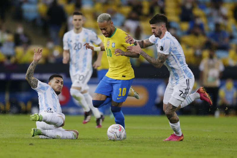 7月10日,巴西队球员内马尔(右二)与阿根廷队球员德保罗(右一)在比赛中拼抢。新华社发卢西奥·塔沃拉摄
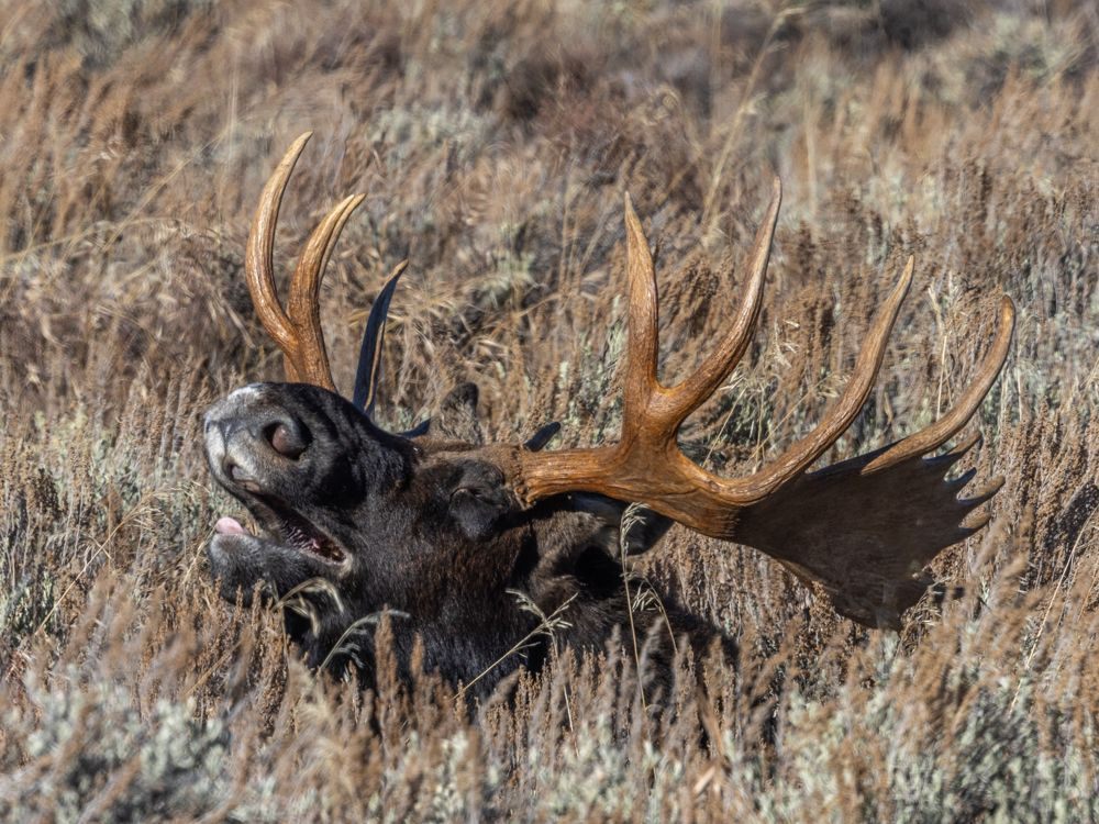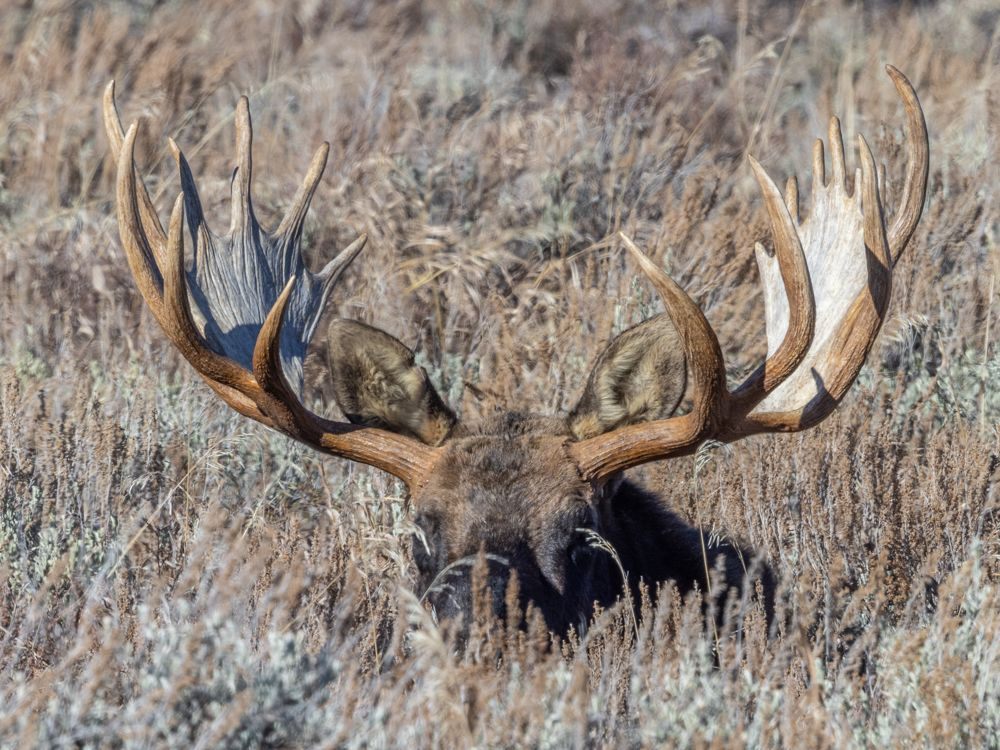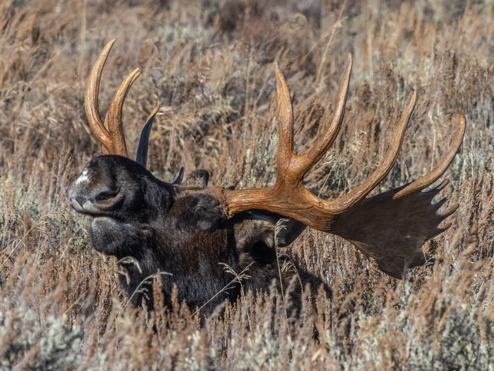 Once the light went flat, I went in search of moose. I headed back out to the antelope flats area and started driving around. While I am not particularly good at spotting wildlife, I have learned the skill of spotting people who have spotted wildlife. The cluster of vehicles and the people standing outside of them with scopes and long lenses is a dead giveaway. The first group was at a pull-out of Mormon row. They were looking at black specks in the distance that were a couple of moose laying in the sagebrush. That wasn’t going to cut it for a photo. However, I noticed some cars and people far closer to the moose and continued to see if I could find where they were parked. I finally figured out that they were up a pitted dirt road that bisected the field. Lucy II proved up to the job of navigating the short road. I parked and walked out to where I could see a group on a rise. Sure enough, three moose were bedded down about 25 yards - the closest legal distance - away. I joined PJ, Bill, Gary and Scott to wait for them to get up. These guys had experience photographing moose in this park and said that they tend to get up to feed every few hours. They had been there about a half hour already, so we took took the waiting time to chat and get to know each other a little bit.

★ ★ ★ ★ ★

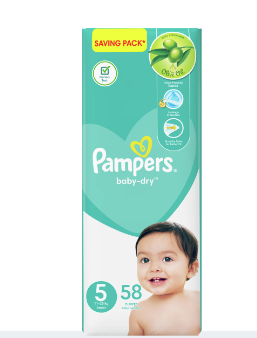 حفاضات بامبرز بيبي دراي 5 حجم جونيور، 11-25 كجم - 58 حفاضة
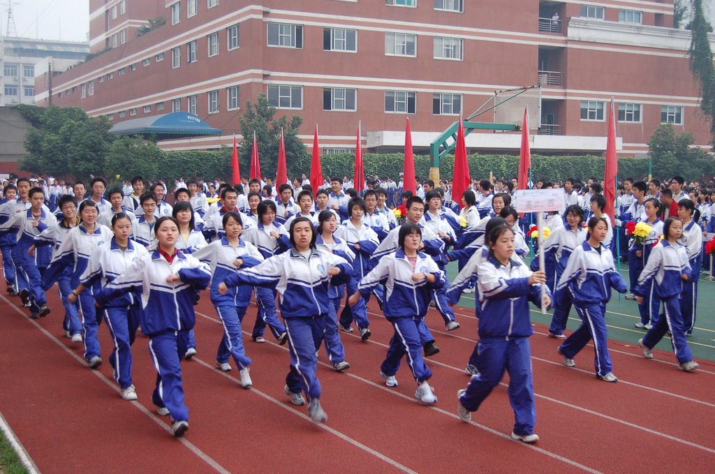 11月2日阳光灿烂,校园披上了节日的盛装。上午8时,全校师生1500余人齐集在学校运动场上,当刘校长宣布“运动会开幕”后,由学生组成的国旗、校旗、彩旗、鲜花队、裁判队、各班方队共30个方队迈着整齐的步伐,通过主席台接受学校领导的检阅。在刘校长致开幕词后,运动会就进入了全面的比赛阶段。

★ ★ ★ ★ ★

WORK REQUEST: Above are the records; copy exactly the lines from the one with "حفاضات بامبرز بيبي" through the one with "11月2日阳光灿烂,校园披上", including both, and nothing more. Leave out pictures.

SOLUTION TO THE EXERCISE:
 حفاضات بامبرز بيبي دراي 5 حجم جونيور، 11-25 كجم - 58 حفاضة
 11月2日阳光灿烂,校园披上了节日的盛装。上午8时,全校师生1500余人齐集在学校运动场上,当刘校长宣布“运动会开幕”后,由学生组成的国旗、校旗、彩旗、鲜花队、裁判队、各班方队共30个方队迈着整齐的步伐,通过主席台接受学校领导的检阅。在刘校长致开幕词后,运动会就进入了全面的比赛阶段。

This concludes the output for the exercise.